— Exercise —
Print the records below exactly, from the line containing "The majority of" down to the line containing "The rectangular tray", both lines included, and omit every picture.
(Beginning of Data shown)
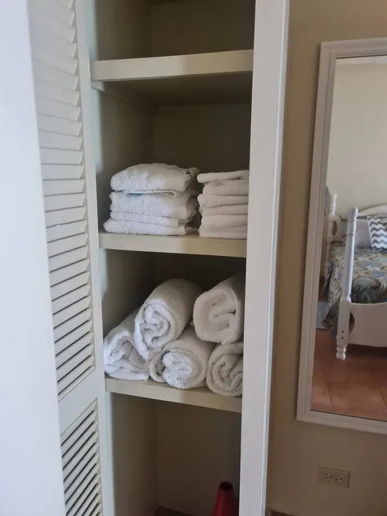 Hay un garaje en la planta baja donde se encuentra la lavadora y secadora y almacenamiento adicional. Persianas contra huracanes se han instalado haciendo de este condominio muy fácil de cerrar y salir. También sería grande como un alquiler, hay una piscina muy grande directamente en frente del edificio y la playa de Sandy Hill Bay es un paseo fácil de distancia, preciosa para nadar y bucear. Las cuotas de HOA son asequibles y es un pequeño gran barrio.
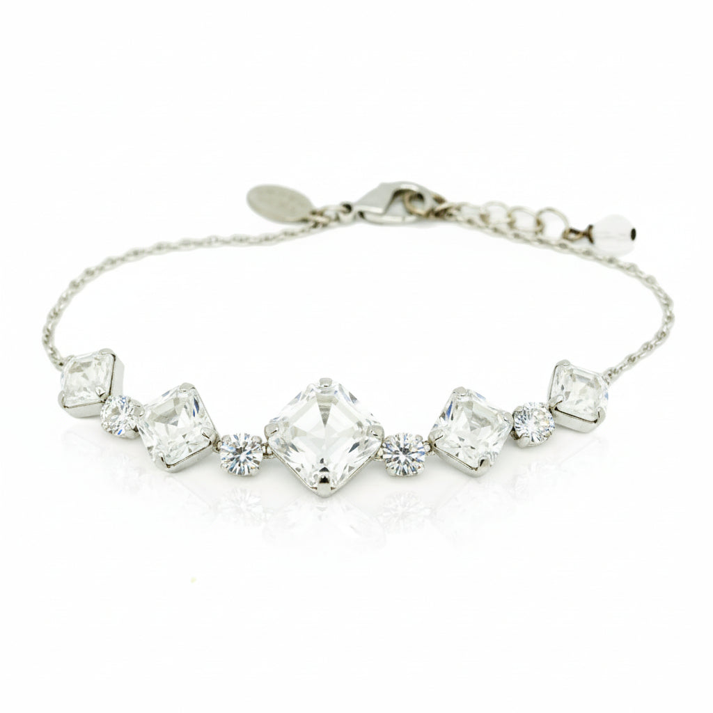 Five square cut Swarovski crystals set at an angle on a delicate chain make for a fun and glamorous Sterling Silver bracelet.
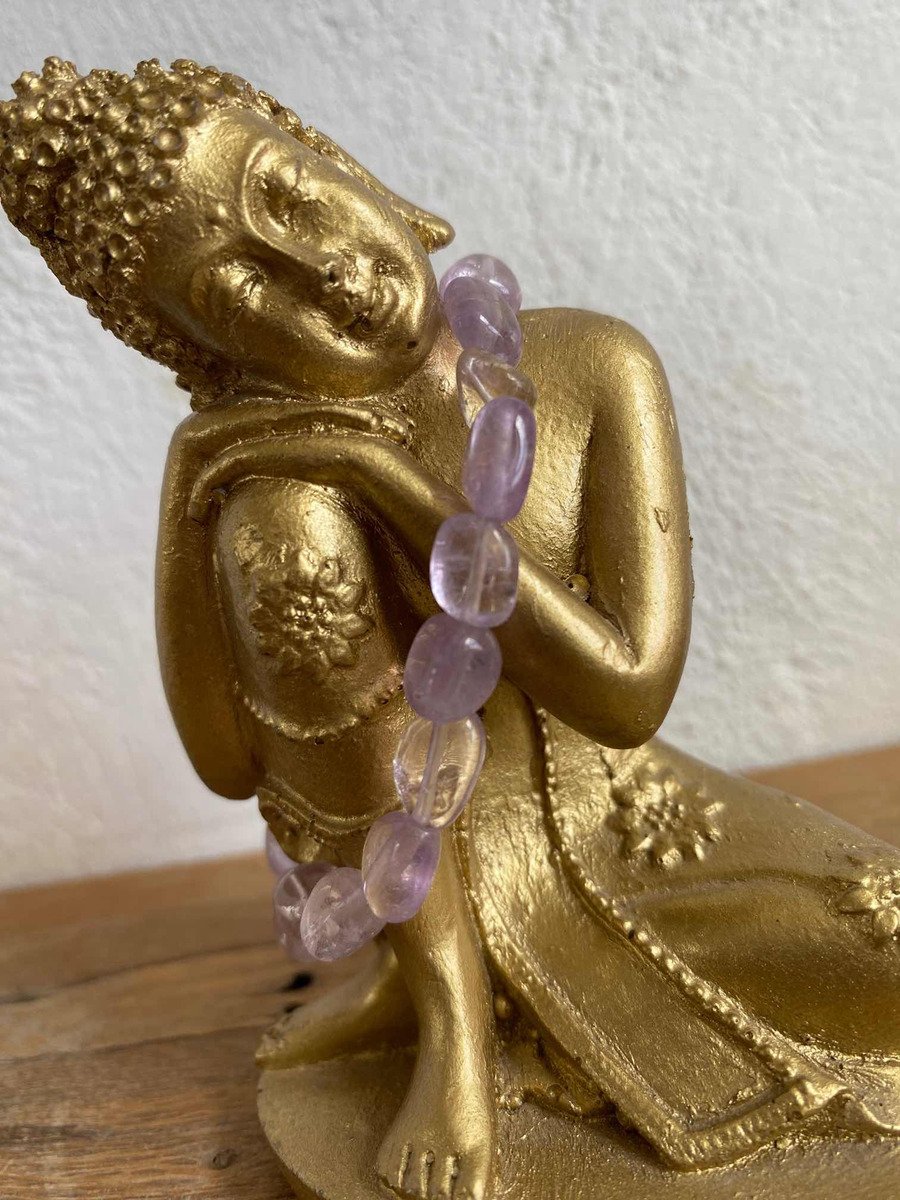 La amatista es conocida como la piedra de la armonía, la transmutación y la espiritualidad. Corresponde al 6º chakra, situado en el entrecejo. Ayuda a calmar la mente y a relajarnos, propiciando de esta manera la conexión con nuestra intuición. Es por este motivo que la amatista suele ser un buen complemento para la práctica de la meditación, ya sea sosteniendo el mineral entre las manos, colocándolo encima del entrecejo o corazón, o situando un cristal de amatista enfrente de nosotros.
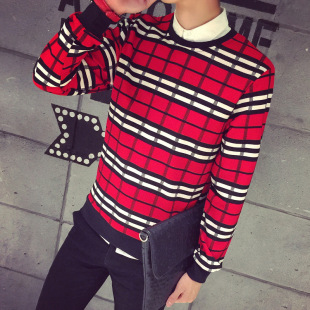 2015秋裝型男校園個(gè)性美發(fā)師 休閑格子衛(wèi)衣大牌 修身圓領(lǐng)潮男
(End of Data shown)
(Beginning of Data shown)
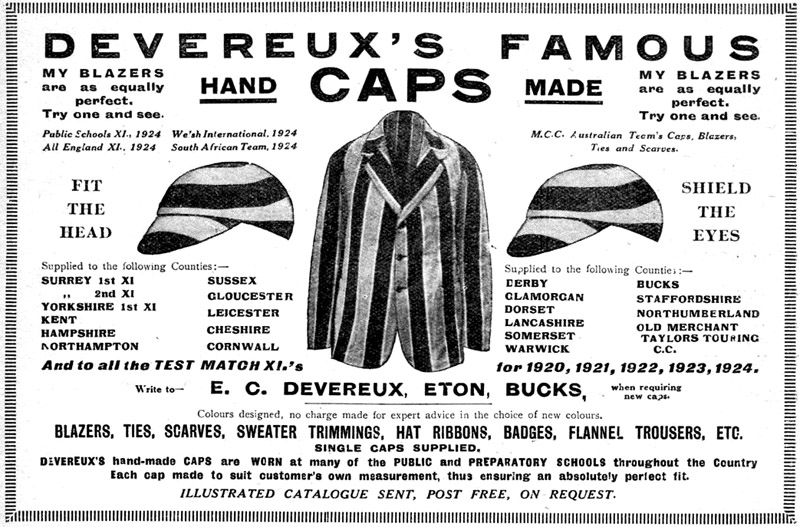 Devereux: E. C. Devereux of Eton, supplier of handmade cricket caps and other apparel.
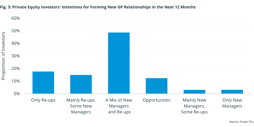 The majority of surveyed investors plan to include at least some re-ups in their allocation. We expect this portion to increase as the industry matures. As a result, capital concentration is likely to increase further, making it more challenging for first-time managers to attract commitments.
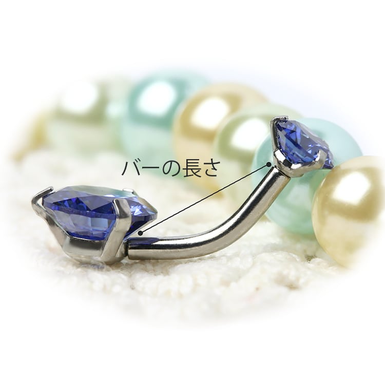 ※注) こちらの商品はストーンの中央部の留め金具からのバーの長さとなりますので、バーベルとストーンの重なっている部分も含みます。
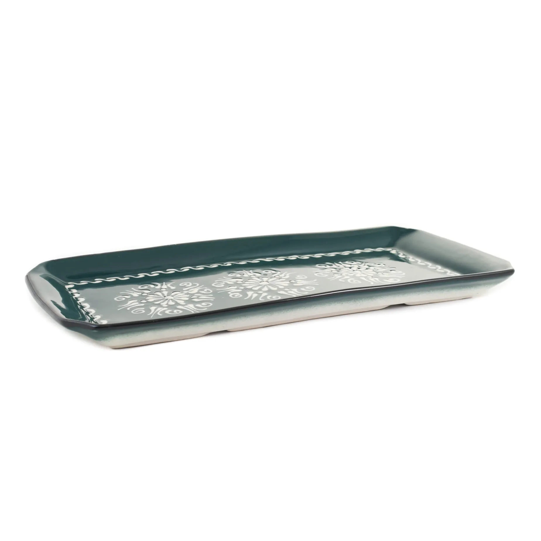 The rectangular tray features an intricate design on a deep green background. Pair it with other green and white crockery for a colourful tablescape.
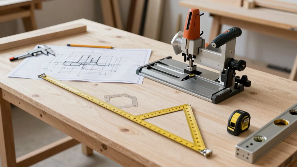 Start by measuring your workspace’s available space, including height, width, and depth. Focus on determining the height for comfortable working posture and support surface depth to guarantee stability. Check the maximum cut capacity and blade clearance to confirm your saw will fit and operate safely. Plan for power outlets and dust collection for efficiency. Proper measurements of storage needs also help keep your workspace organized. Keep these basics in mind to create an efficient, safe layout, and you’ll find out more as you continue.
(End of Data shown)
— Output of the task —
 The majority of surveyed investors plan to include at least some re-ups in their allocation. We expect this portion to increase as the industry matures. As a result, capital concentration is likely to increase further, making it more challenging for first-time managers to attract commitments.
 ※注) こちらの商品はストーンの中央部の留め金具からのバーの長さとなりますので、バーベルとストーンの重なっている部分も含みます。
 The rectangular tray features an intricate design on a deep green background. Pair it with other green and white crockery for a colourful tablescape.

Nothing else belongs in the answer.